# Rachmaninov 4



## Star

I recently acquired a performance of Vladimir Ashkenazy playing the Rachmaninov fourth piano concerto. It is somewhat different from his other concertos, sometimes sounding more like Prokofiev . However I think it is a terrific piece and much undervalued . Do we know why? 
If you enjoy it too please state your favoured recordings IV the piece.


----------



## EdwardBast

The Fourth Concerto was written fifteen years after the Third and on the other side of the world. 
- Rachmaninoff's style of orchestration changed over time, the later works, including the Fourth Concerto (1926)(and there were only six late works) having lighter, clearer textures than the early ones, that is, those composed in Russia.
- in his last works composed in Russia, especially the songs Op. 38 and the Etudes Tableaus op. 39 (1917), Rachmaninoff was developing a more adventurous harmonic language with a tolerance for sharper dissonance. 
- Oh yeah, his piano writing got a bit leaner - less romantically lush - in his late music.

These features would tend to put the Fourth more toward the sound world of Prokofiev than the earlier concertos.


----------



## bharbeke

I like the version with Rachmaninoff, Ormandy, and the Philadelphia Orchestra.


----------



## joen_cph

I´d reach for Michelangeli/Gracis, on EMI.

He can be a bit cold in some of his recordings & he is not really a general favourite pianist of mine, but I did a comparison with some other soloits in this work & he turned out to be very good, a good sense of line, for example.


----------



## Larkenfield

I much prefer the dazzling Hornstein/Wild recording with its bigger, more expensive opening.

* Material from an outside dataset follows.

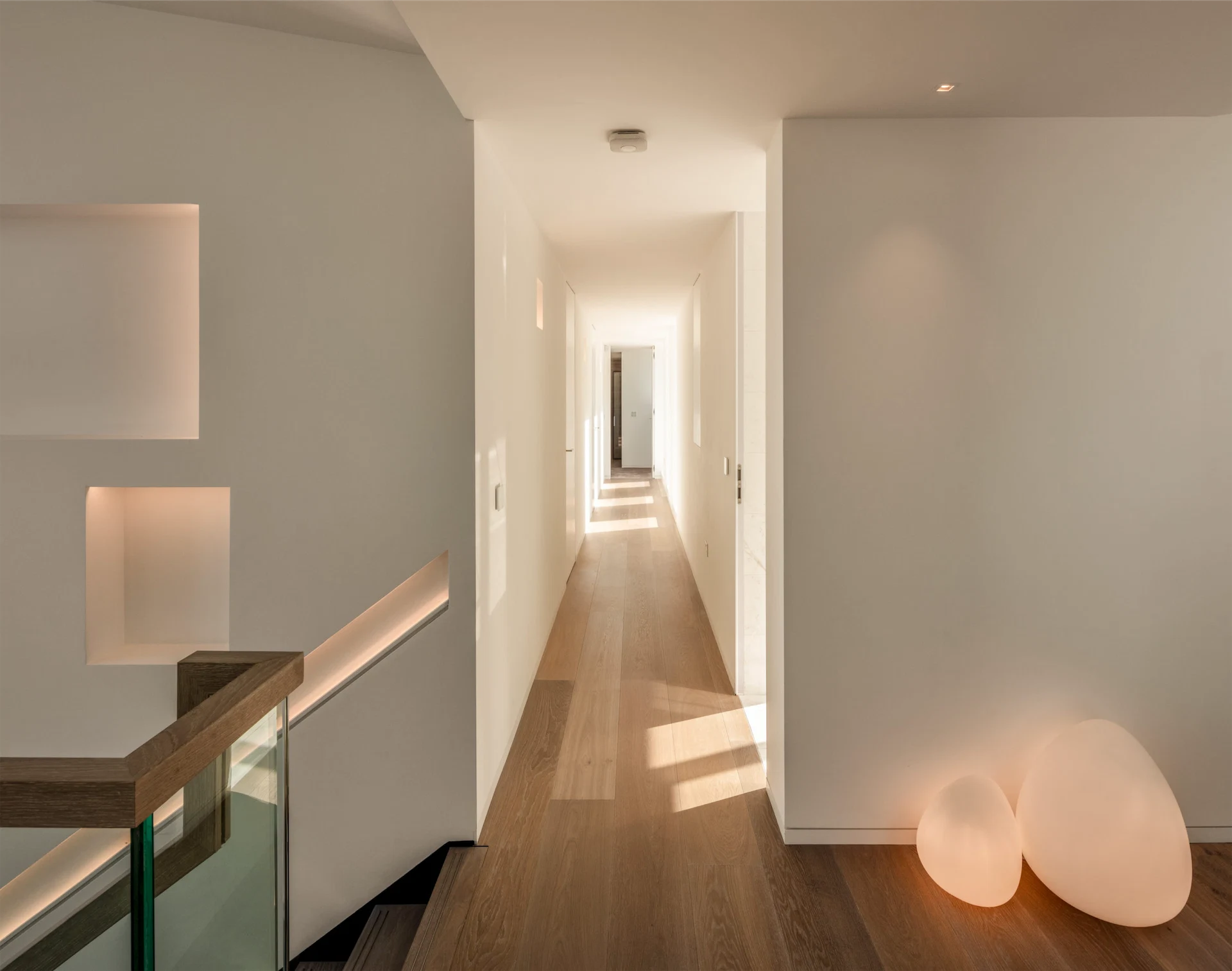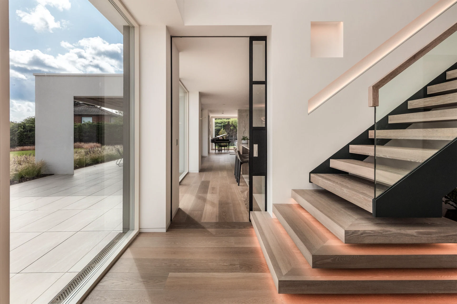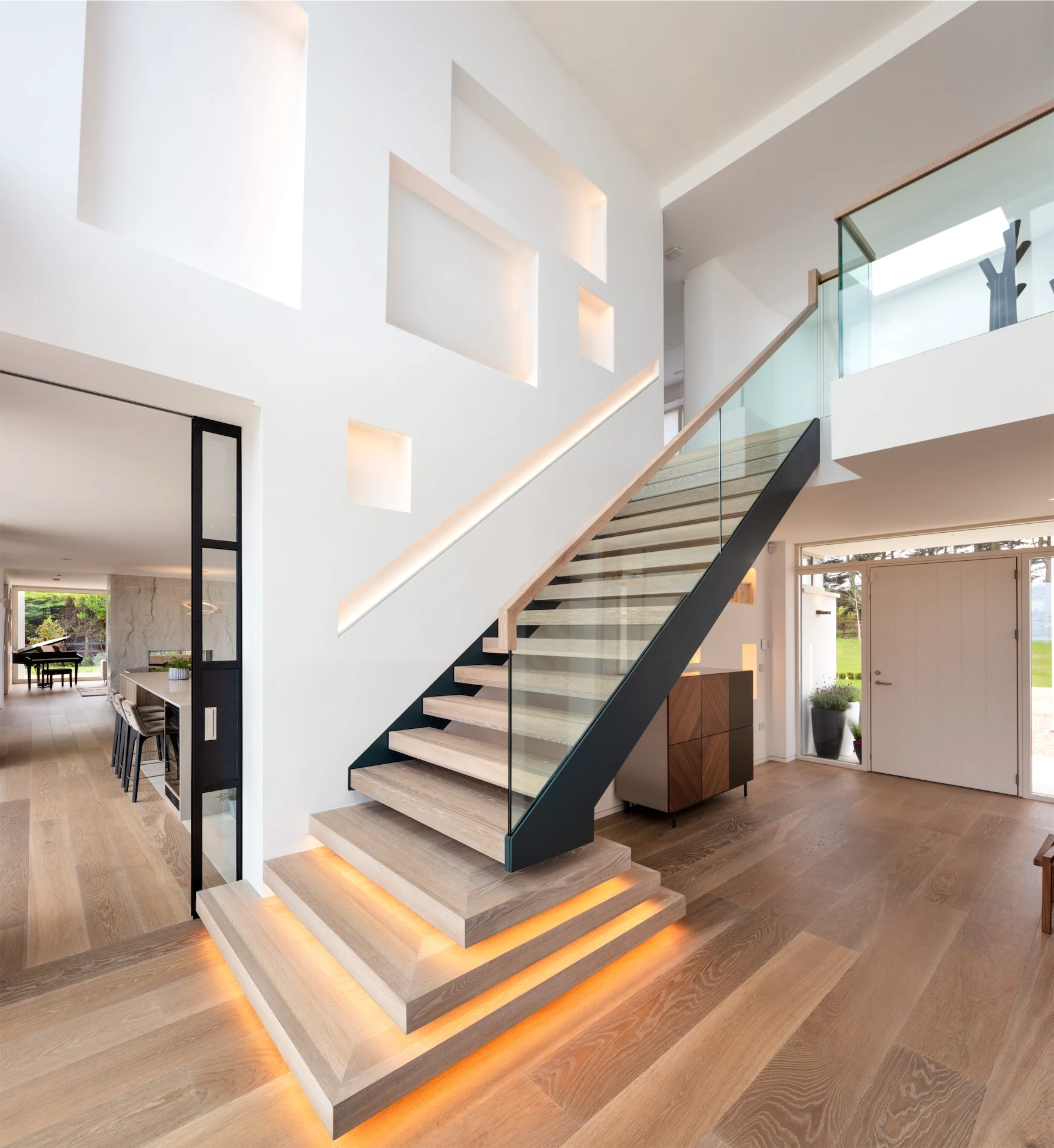 Internally, Alan and Shirley wanted an open-plan space that felt bright and airy, but could also be flexible and allow for more intimate spaces. Coming into the vaulted hallway with its cantilever staircase, glass Crittall sliding doors allow it to be shared with the communal spaces or sealed off, yet always maintaining a visual link from one end of the house to the other. “The openings are non-standard too,” says Paul, “they are high and wide to give a more open-plan feel but at the same time are partitioned off when needed.”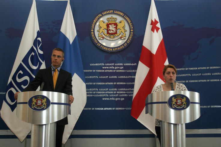 OSCE Chairman Alexander Stubb and Georgian Foreign Minister Ekaterina Tkeshelashvili (right) at a news conference in Tbilisi, 22 August 2008.

It has a warmer string sound, more presence to the piano, and more of a Scriabinesque ecstasy that I believe Rachmaninoff might have been going for. I doubt if Rachmaninov was going for emotion in the same way that he did in his previous concertos, but much more of an ecstatic, emotionally indirect or oblique quality. 

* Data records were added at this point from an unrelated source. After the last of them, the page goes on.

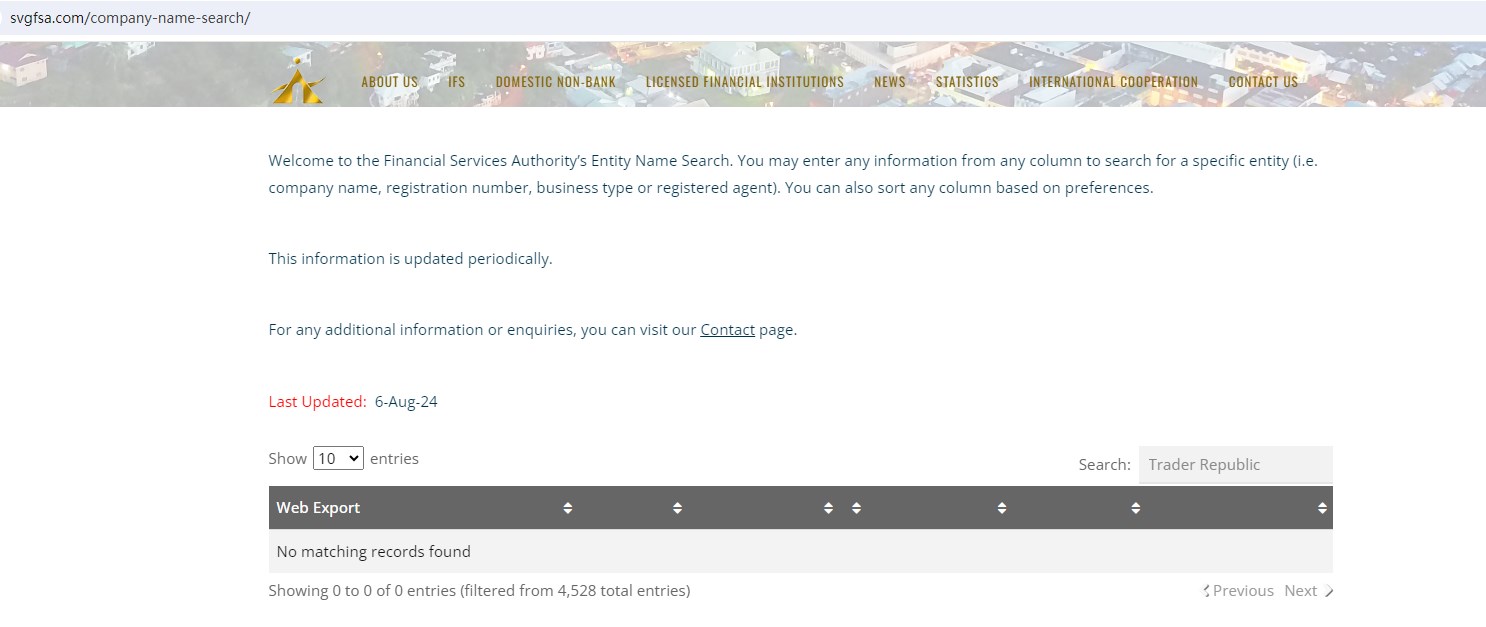 We also didn't find any results in the Financial Services Authority in St. Vincent and the Grenadines(SVG FSA), an offshore authority that doesn't license forex trading brokerage activities.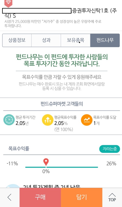 | 투자자간 수익률 자산관리 공유 플랫폼 '펀드나무' <사진=펀드슈퍼마켓 모바일 앱> |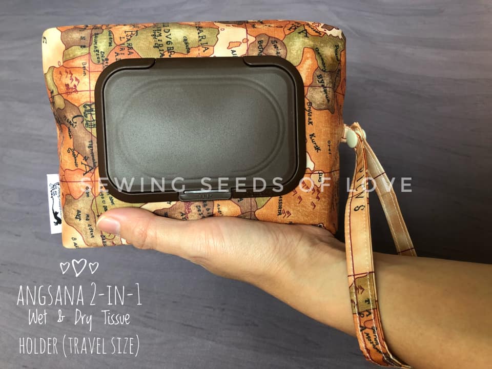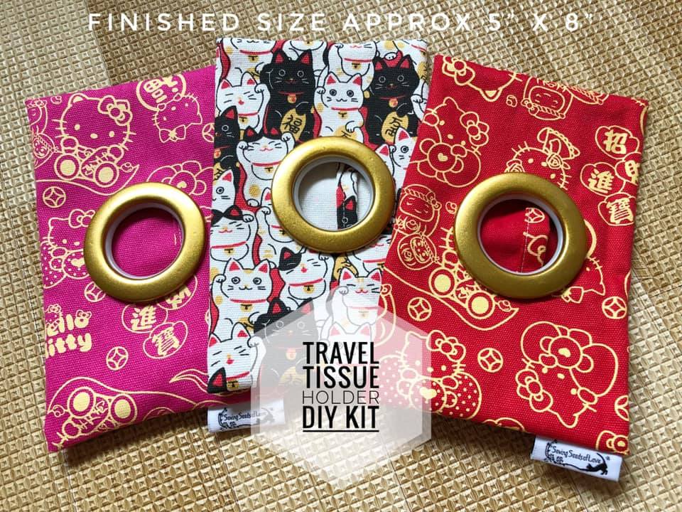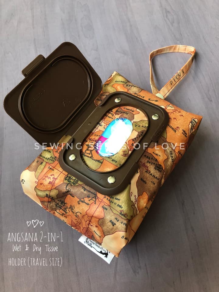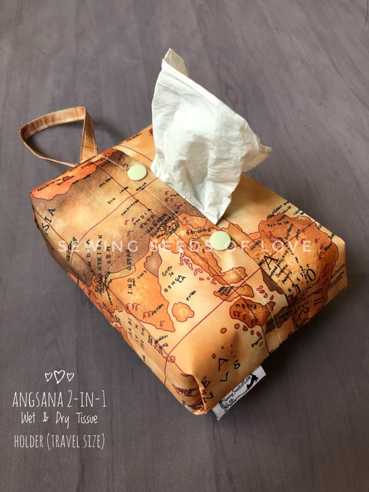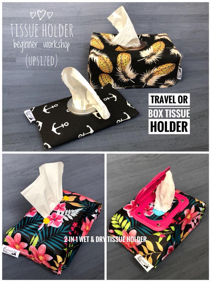 In this workshop, you will make 2 different projects. You can opt to combine the travel tissue holder and the 2-in-1 pouch or the box tissue cover and the 2-in-1 pouch. The travel tissue holder is meant to hold the 50 sheets travel size tissue (from guardian or watsons). The 2-in-1 wet and dry tissue holder pouch can store BOTH wet wipes and dry tissue (travel size) together.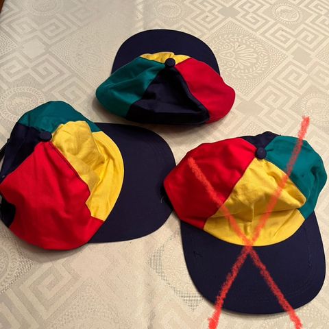 Sett bestående av en stripete skjorte i brunfarger med knapper foran og lange ermer, samt to caps i stripete mønster i brun og rød farge. Selges under ett!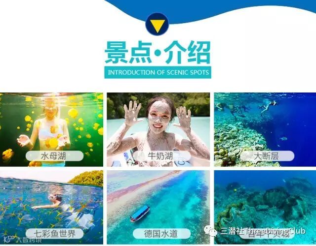 景点:小丑鱼的家、玫瑰珊瑚海底花园、七彩软珊瑚、德国水道、情人桥、大断层、长沙滩(独享婚纱show、美人鱼尾巴)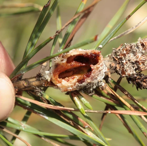 Na mieste žeru vyteká živica, z ktorej sa do jesene vytvorí hrča veľkosti hrachu.

I believe it’s one of his freest, most adventurous and progressive works. It’s Rachmaninoff but it shows his personal growth. It has more of a modern feel, quite virtuosic, rhythmically and 20th-century energetic, yet with moments of great simplicity in the slower movements and a simpler less dense orchestration. 

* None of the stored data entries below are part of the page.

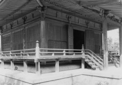 | 妙源寺柳堂 外観 | 正面の中央柱間には双折桟唐戸をつる | 宮殿に聖徳太子像を祀っている |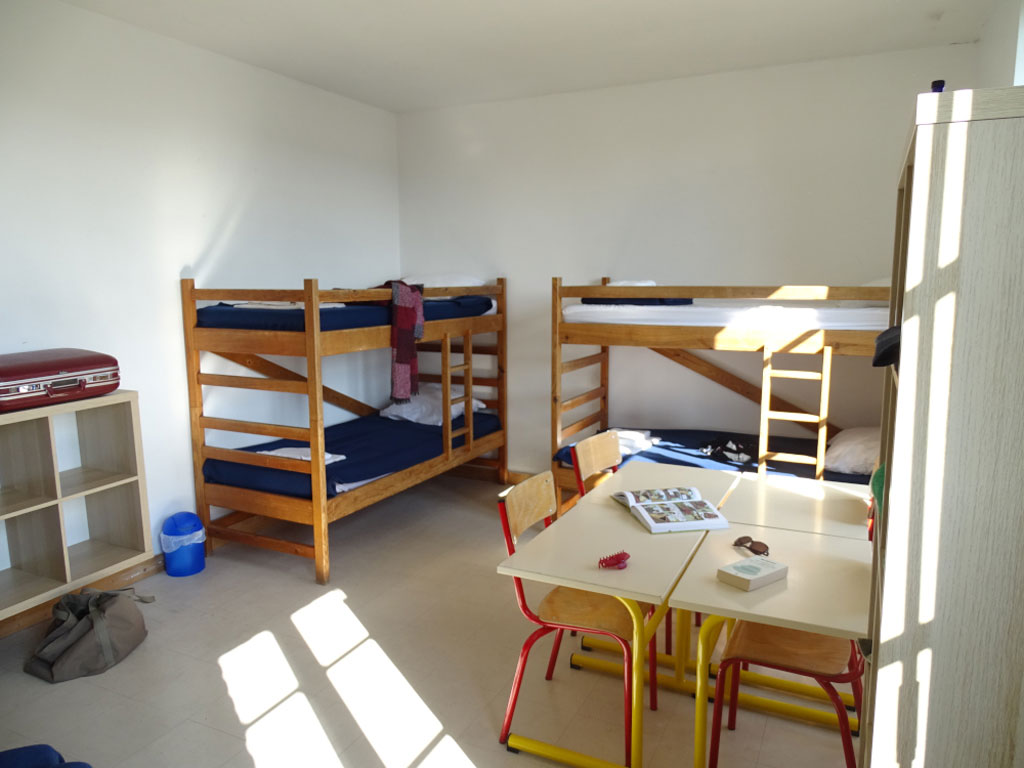 Bâtiment d'hébergement sur trois étages, avec un total de 15 chambres collectives de 2 à 6 couchages individuels, 3 salles d'eau et 6 WC. Plusieurs pièces à vivre dont une cuisine toute équipée avec salle de restauration (56 places assises), ainsi qu'une salle commune avec une grande cheminée, tables, chaises. Possibilité de location de matériel vidéo (écran et vidéoprojecteur).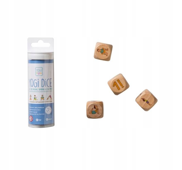 Yoga YOGi Fun Dice Game знайомить дітей із задоволенням від виконання поз і послідовностей йоги. Гравці по черзі кидають усі чотири кубики. Залежно від того, що викинуто на кубику з інструкціями, гравець може виконати одну або всі три викинуті пози та навіть додати власні варіації! Кожен символ на кубику з інструкціями допомагає дітям розвивати такі навички: вибирати, дихати, імпровізувати, мати справу з «хорошою» чи «поганою» увагою, відкривати своє серце друзям і говорити добрі слова.

I can hear why he was criticized because the orchestra carrries most of the melodic content rather than the piano, and it has its moments of emotional disquiet. But after he revised it, I believe it was what he wanted, even if it may not have been what his public wanted. He wrote without compromise. I consider it innovative for him and like it very much.


----------



## DavidA

Michelangeli's recording of this concerto is generally reckoned to be one of the greatest concerto recordings of all time. He really makes your hair stand up on end with his pianism, even outdoing the composer himself on this occasion. I have other versions by the composer himself, by Wild and Entremont, but it is Michelangeli who sets the standard.


----------



## Rafaelcrt

Michelangeli/Gracis is fantastic.
But I'd go for the composer's recording with Ormandy.


----------



## DavidA

Rafaelcrt said:


> Michelangeli/Gracis is fantastic.
> But I'd go for the composer's recording with Ormandy.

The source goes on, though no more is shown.